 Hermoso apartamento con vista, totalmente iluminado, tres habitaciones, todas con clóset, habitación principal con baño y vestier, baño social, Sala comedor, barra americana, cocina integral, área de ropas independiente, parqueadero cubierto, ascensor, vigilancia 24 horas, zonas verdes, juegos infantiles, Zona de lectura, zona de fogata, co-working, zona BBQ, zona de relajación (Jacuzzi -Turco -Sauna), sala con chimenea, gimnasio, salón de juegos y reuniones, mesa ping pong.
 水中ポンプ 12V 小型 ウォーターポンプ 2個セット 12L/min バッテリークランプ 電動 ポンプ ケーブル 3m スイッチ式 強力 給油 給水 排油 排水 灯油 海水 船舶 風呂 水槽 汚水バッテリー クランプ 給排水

====

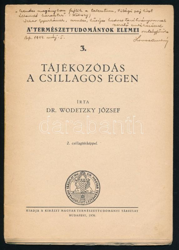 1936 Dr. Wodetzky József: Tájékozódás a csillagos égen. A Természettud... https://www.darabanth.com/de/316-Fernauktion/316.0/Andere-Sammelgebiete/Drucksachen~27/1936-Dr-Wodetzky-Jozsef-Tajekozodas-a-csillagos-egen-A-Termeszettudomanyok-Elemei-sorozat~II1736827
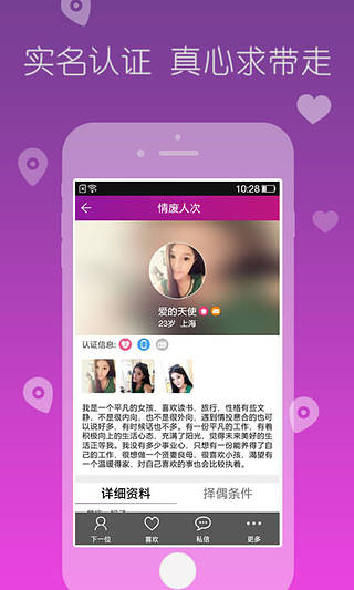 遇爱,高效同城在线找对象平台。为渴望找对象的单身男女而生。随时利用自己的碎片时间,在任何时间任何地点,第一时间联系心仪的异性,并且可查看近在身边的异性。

====

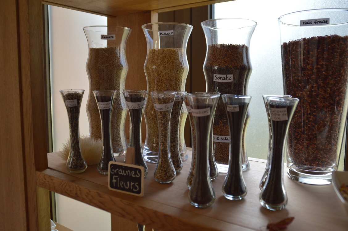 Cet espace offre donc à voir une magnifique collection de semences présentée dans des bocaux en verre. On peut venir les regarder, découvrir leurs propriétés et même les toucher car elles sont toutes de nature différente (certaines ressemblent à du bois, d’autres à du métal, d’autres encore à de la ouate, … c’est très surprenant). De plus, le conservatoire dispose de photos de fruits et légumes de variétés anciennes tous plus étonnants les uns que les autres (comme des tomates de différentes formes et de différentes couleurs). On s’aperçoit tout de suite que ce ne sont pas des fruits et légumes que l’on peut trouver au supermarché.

====

Work required: Please set down, exactly and with no pictures, the lines in the entries above starting at the one holding "1936 Dr. Wodetzky" and ending at the one holding "遇爱,高效同城在线找对象平台", ends included.

Your solution:
 1936 Dr. Wodetzky József: Tájékozódás a csillagos égen. A Természettud... https://www.darabanth.com/de/316-Fernauktion/316.0/Andere-Sammelgebiete/Drucksachen~27/1936-Dr-Wodetzky-Jozsef-Tajekozodas-a-csillagos-egen-A-Termeszettudomanyok-Elemei-sorozat~II1736827
 遇爱,高效同城在线找对象平台。为渴望找对象的单身男女而生。随时利用自己的碎片时间,在任何时间任何地点,第一时间联系心仪的异性,并且可查看近在身边的异性。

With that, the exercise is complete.